Barack Obama

Barack Hussein Obama II, born August 4, 1961, is the 44th and current President of the United States, and the first black US president. He defeated Republican rival John McCain in the general election of 2008, and was inaugurated as president on January 20, 2009. Obama was named the 2009 Nobel Peace Prize laureate in October 2009. He was re-elected president in November 2012, defeating Republican nominee Mitt Romney. 

We need Obama and we need to work together

PUBLISHED : Friday, 29 January, 2010, 12:00am
UPDATED : Friday, 29 January, 2010, 12:00am

In these tough economic times, few leaders can claim to have an easy job. US President Barack Obama undoubtedly has one of the hardest of all: as head of the richest and most powerful nation, the world expects him to help solve all its problems. His first state-of-the-union address plainly showed the challenges and what he is up against. As he rightly pointed out, though, it is in nobody's interests that he fails.

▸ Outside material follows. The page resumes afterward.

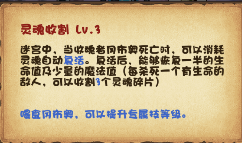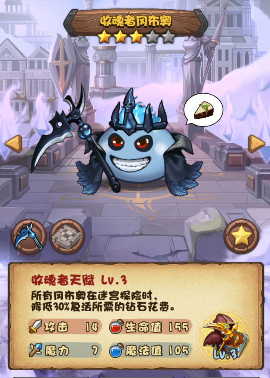 它的专属技能是灵魂收割,理论上可以免费复活无限次,想想都有点小激动呢#(PS:这货一星就够了,一星就够了,一星就够了,重要的事情发三遍,不要像楼主傻傻的升到3星然后晾着。

Obama took office just over a year ago with optimism high that the catchword of change with which he won election could be translated into action. His to-do list was daunting and his reform agenda ambitious. But despite his Democratic Party having a strong majority in both houses of Congress, his efforts have been littered with defeats. He still has an in-tray from hell: a crippling budget deficit, 10 per cent unemployment, a constituency deeply divided on bailing out the corporate titans, wars in Afghanistan and Iraq and controversial economic stimulus and health care packages.

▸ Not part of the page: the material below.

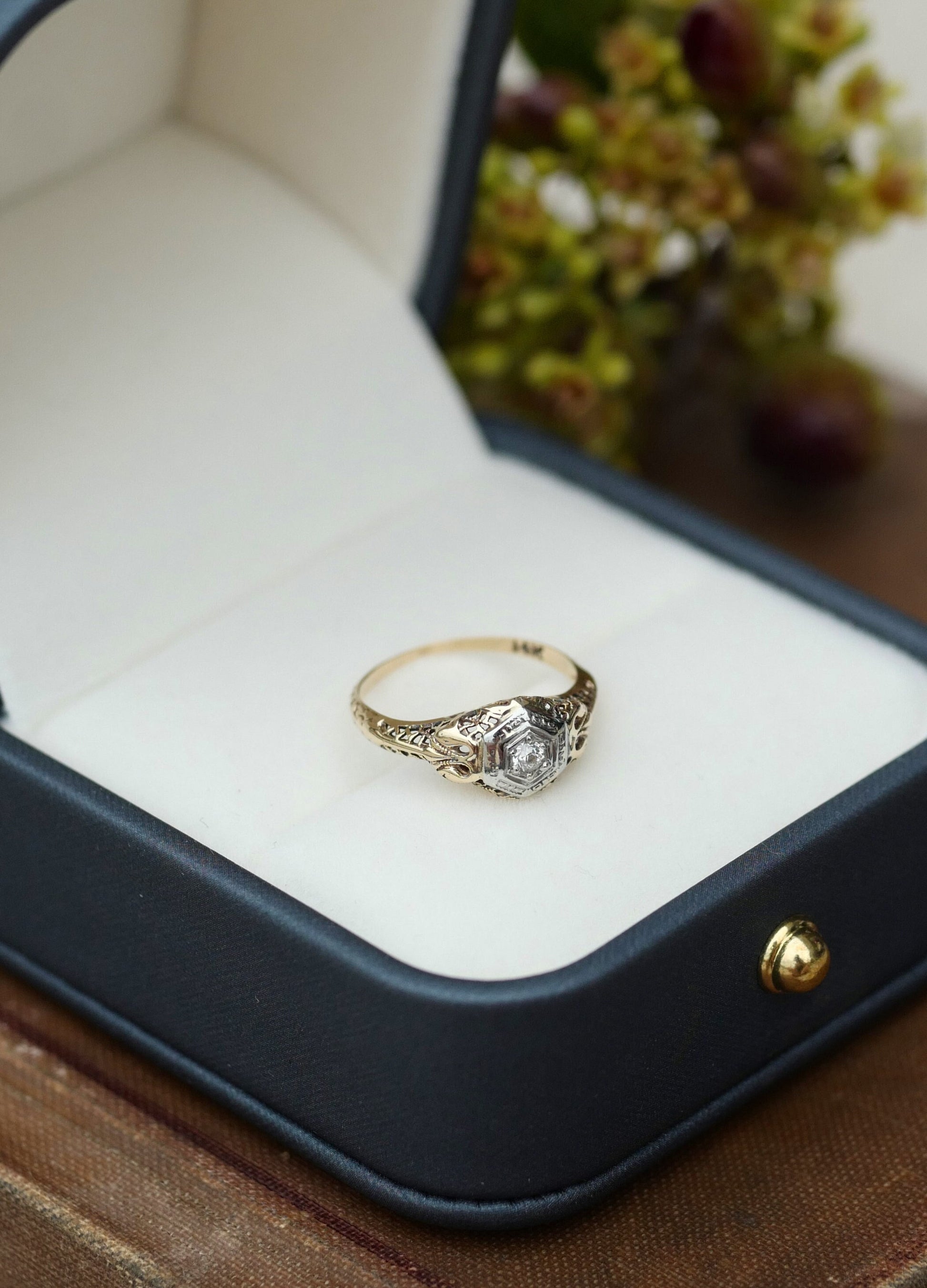 This lovely delicate filagree ring has been brought back to life - An authentic, 2.5 mm Old Mine cut Diamond with beautiful chunky facets is the focal point of this cleaned and restored deco treasure.

Whatever the expectations, no leader could emerge a year later with his popularity intact. Obama's has been hit hard, most spectacularly by the opposition Republican Party in this month's election for what had been the safest of Senate seats in the state of Massachusetts. The president took to the stage with this firmly in mind, telling heckling Republican lawmakers that the only way the nation could pull out of the mess was by all sides working together. He urged them to be loyal to the American spirit of not giving up and told them 'not [to] allow fear or division to break our spirit'.

We have grown used to Obama's oratorical skills. His address was engaging and free-flowing, focused on difficult domestic matters but with a smattering of foreign-policy wishes and promises towards the end. He sparred good-naturedly with his political rivals, but the overall tone was serious - as it should be.

The US faces grave problems and in consequence, so does the global economy. It is essential that political divisions are overcome. No matter what we may think of Obama, his call for setting aside differences makes perfect sense. This is the way to recovery.